▶ _Required work_:
Each line below from the "- Гигантская детская" line through the "12月9日,经纬辉开(300" line, those two included, must be restated word for word; the pictures must not be.

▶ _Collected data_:
________________
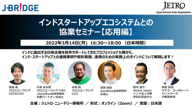 クロスユーラシアは2022年3月14日(月)に、ジェトロ主催の「インドスタートアップエコシステムとの協業セミナー【応用編】」に参加することとなりました。
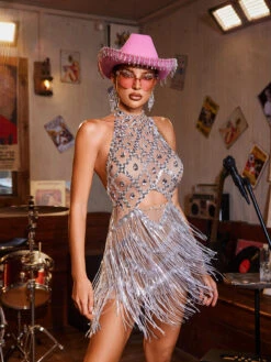 Turn heads with the Myressa Backless Fringe Sequin Crystal Mini Dress, designed to dazzle at every event. This stunning mini dress features shimmering sequins and sparkling crystals that catch the light beautifully, while the playful fringe adds dynamic movement. Its backless design offers a bold, elegant silhouette perfect for making a memorable entrance. Ideal for parties or special occasions, this dress combines glamour and confidence in one irresistible look.
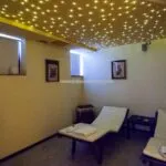 The 10,000 sqm landscaped park is filled with mature trees and flowers, creating shaded areas for guests to relax. The grounds also feature a play area for children, a fitness trail, and a 14 × 7 m swimming pool with a terracotta sunbathing area. A designated helicopter landing area allows for direct access to the property.
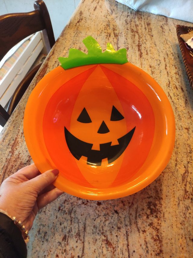 Cuenco grande, calabaza de plástico ideal niños y decoración Halloween 🎃 34 cm de diámetro.
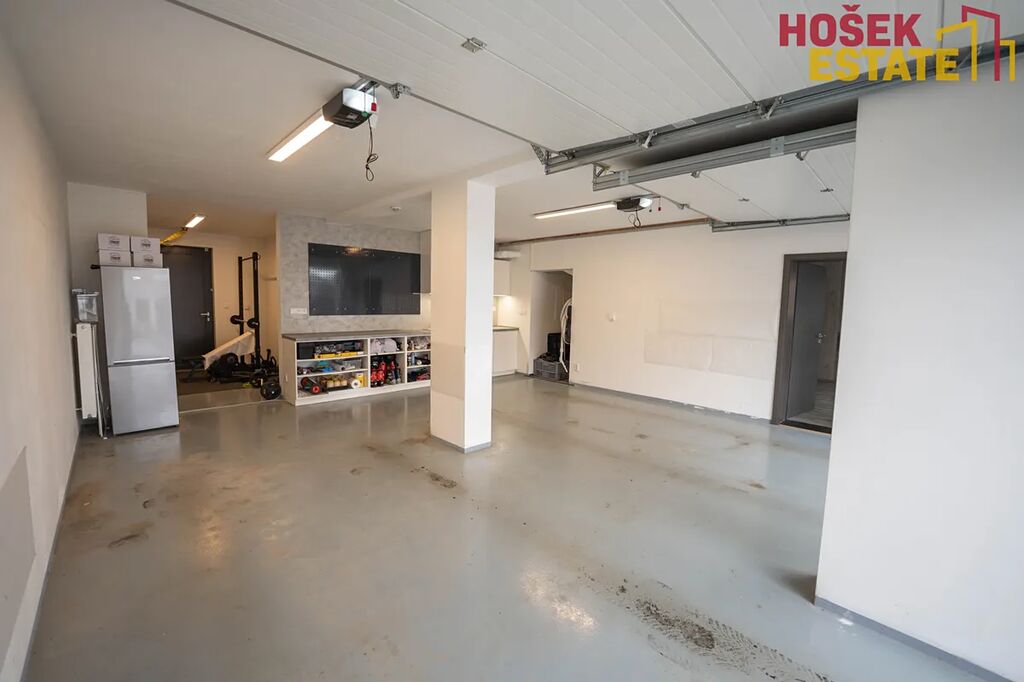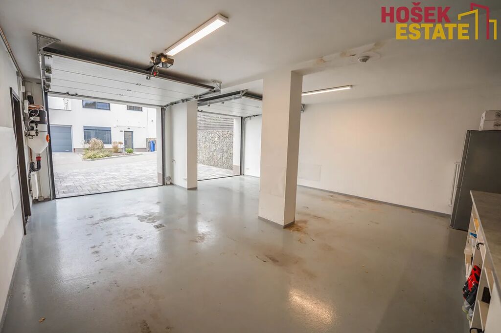 Velkou výhodou je prostorná a praktická garáž na dvě auta. Do garáže je vstup přímo z domu suchou nohou a z ní také vstup přímo na zahradu.
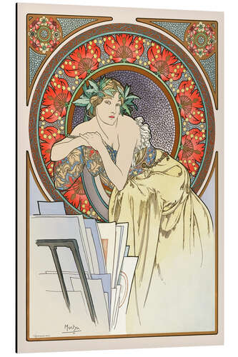Posterlounge   Wandbilder   Rot   Alfons Mucha   Magnettafel Frau mit Bildersammlung, brünett
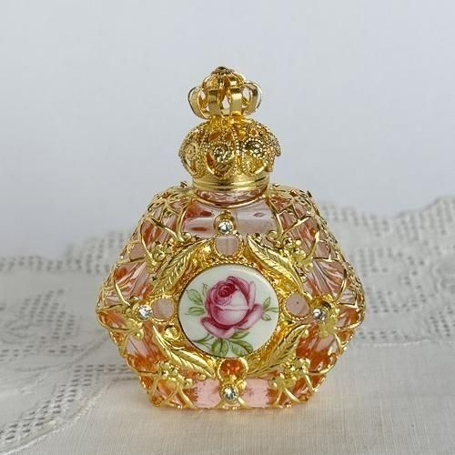 チェコ 装飾付き香水瓶 409 ピンク×お花カボション
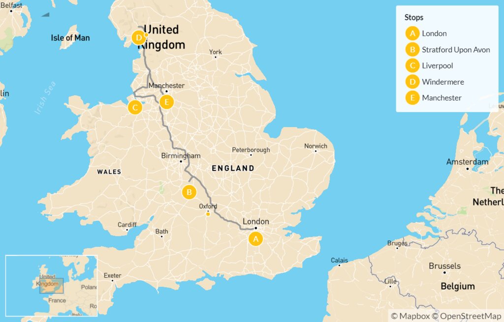 Map of English Culture & Nature Tour: London, Stratford-upon-Avon, Liverpool & Lake District – 9 Days
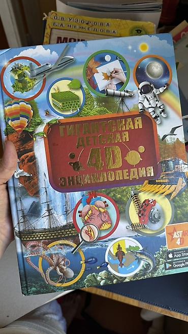 - Гигантская детская 4D энциклопедия. Иллюстрированное издание в твердой обложке с интерактивными 4D‑элементами. На обложке указана поддержка приложений App Store и Google Play (ASTAR 4D). Темы: техника, космос, природа, анатомия, исследования океана и др. - 1500 сом
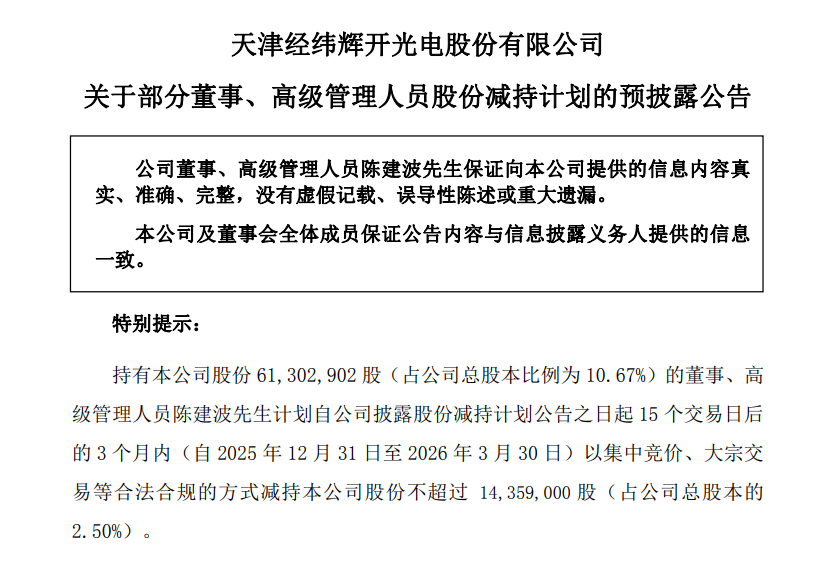 12月9日,经纬辉开(300120.SZ)公告,公司董事、高级管理人员陈建波先生计划自2025年12月31日至2026年3月30日以集中竞价、大宗交易等合法合规的方式减持公司股份不超过1435.9万股(占公司总股本的2.50%)。
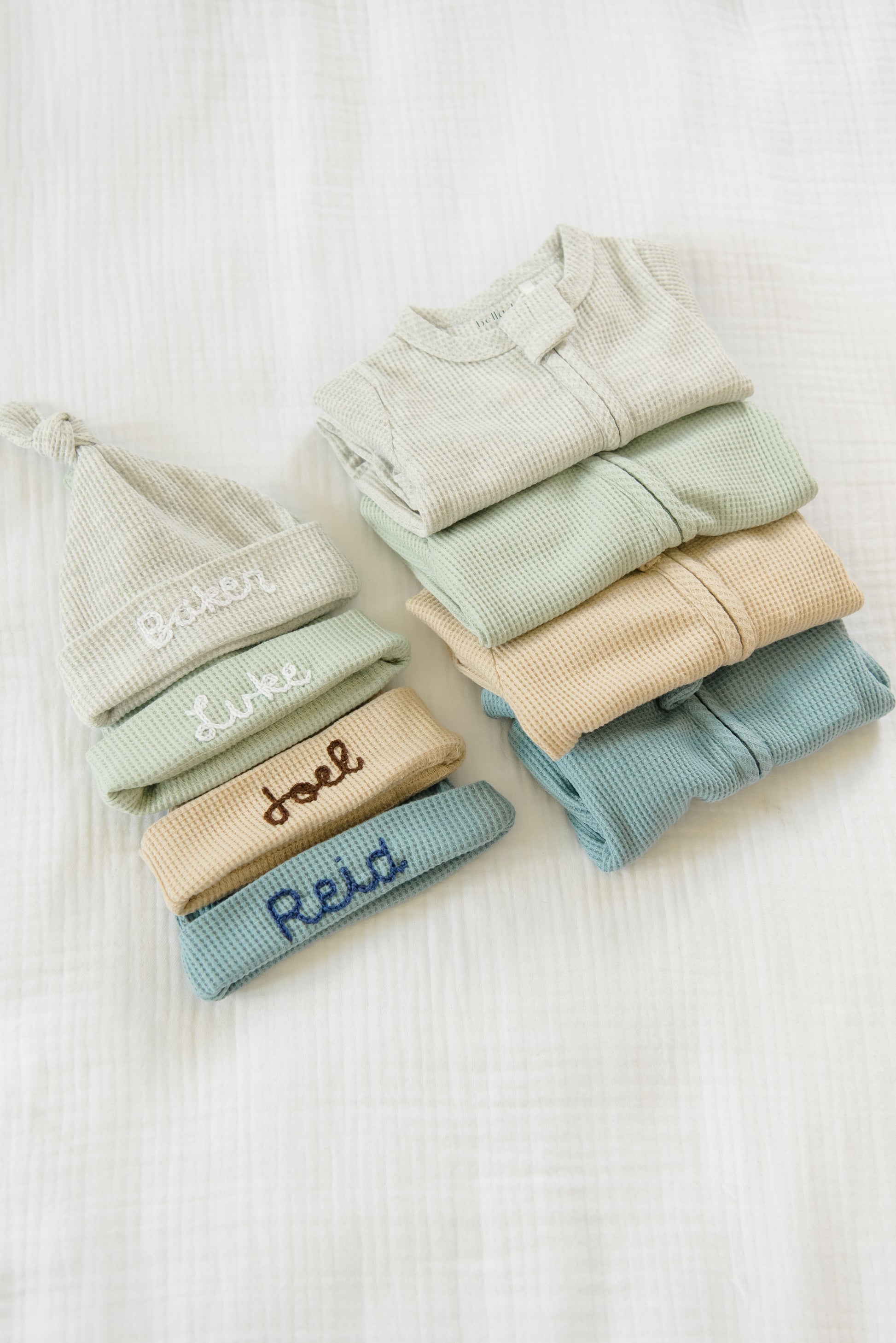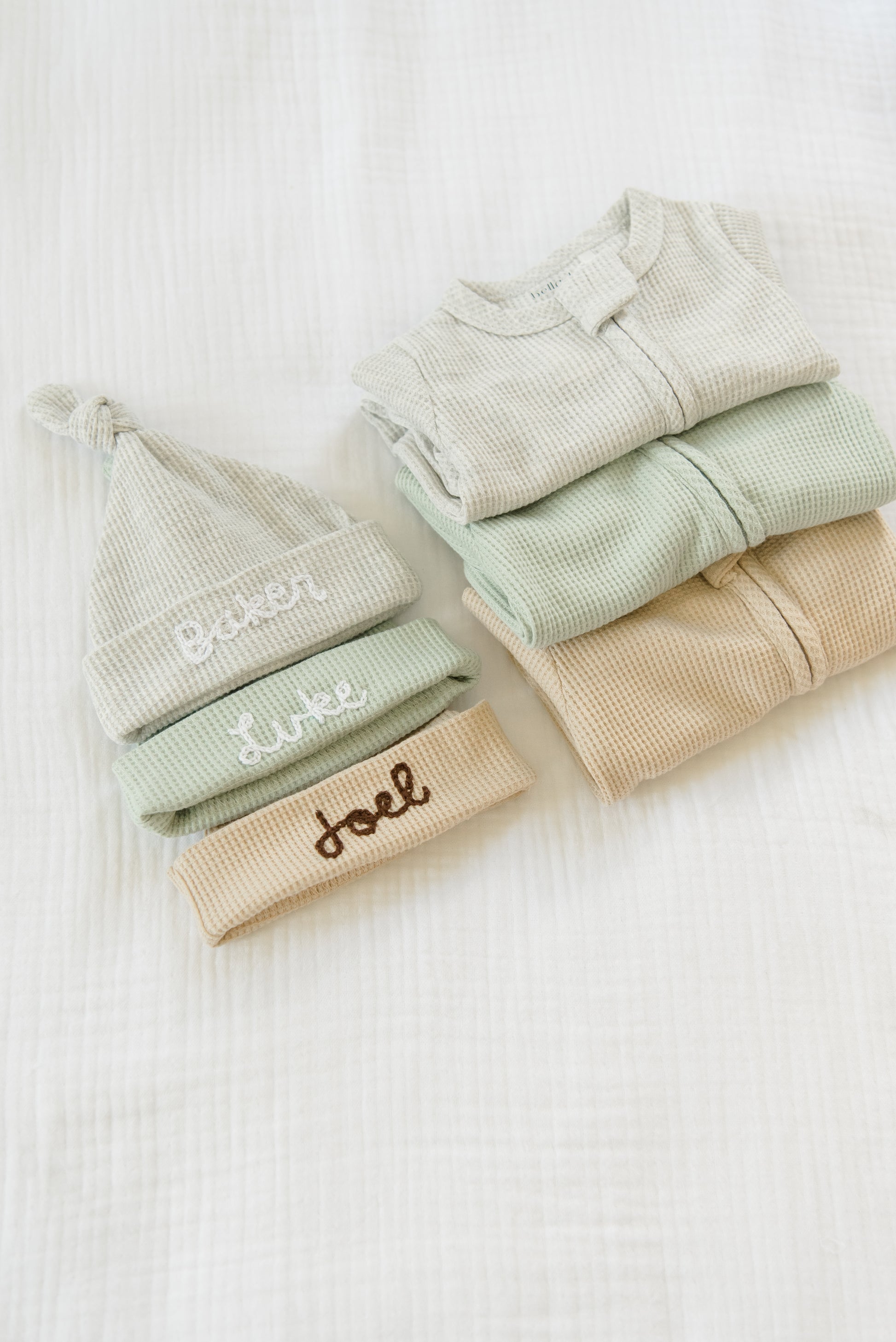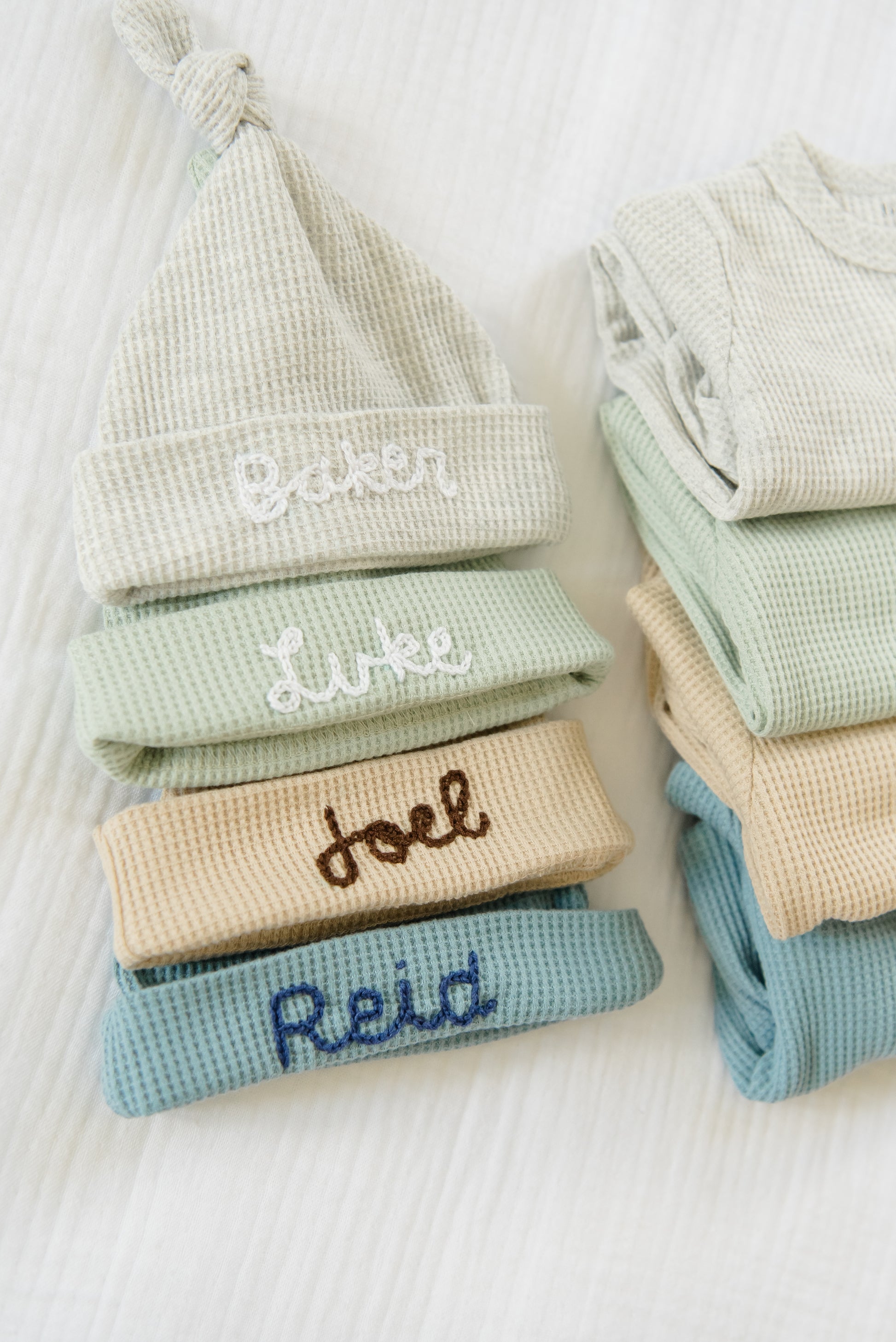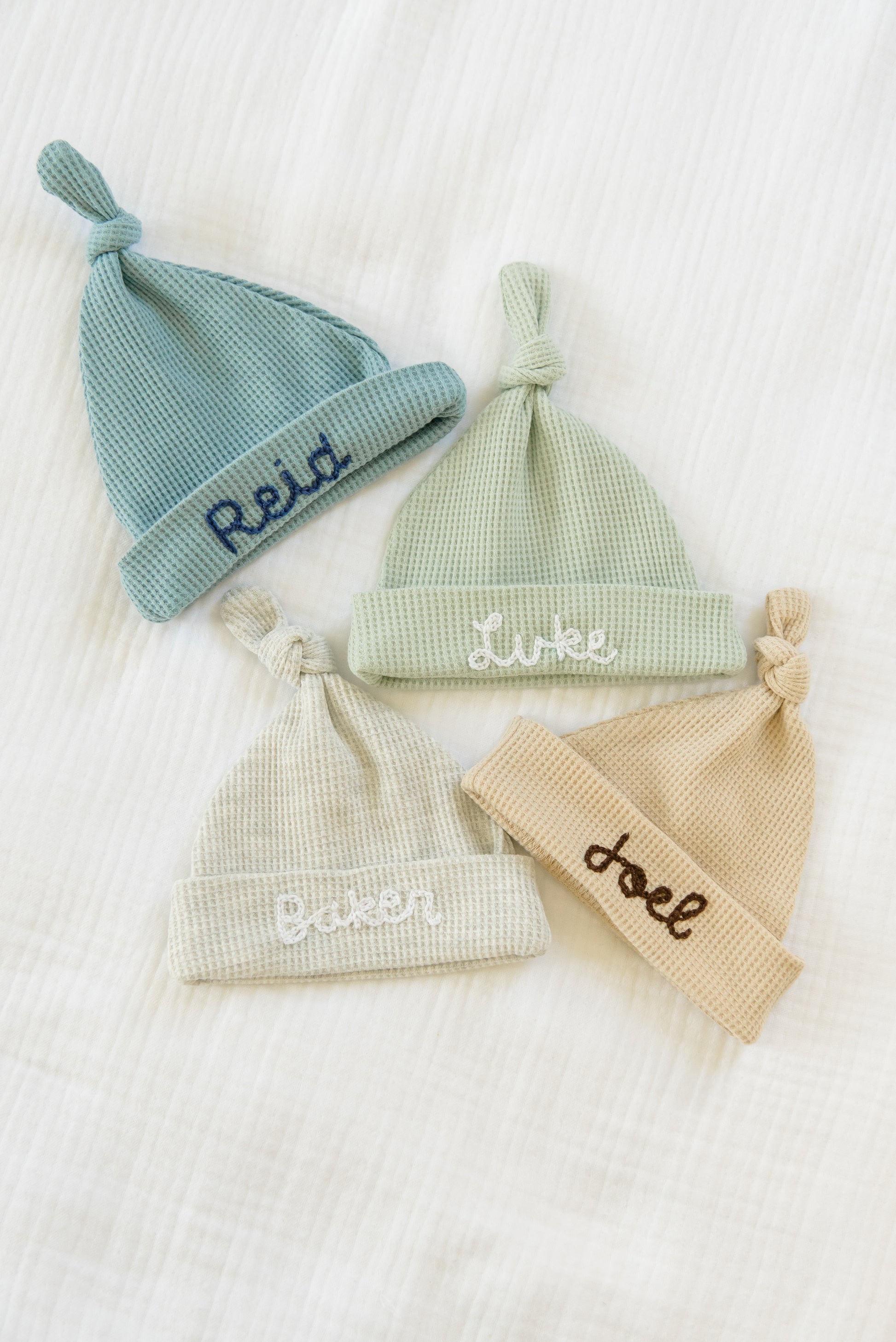 Our custom hand stitched waffle knit hats will make the sweetest addition to your baby's take home outfit. Hand stitched by Tori, a mama of 2, our adorable hats will not only keep your baby warm but will also make a sweet memento!
________________
▶ _Response below_:
 - Гигантская детская 4D энциклопедия. Иллюстрированное издание в твердой обложке с интерактивными 4D‑элементами. На обложке указана поддержка приложений App Store и Google Play (ASTAR 4D). Темы: техника, космос, природа, анатомия, исследования океана и др. - 1500 сом
 12月9日,经纬辉开(300120.SZ)公告,公司董事、高级管理人员陈建波先生计划自2025年12月31日至2026年3月30日以集中竞价、大宗交易等合法合规的方式减持公司股份不超过1435.9万股(占公司总股本的2.50%)。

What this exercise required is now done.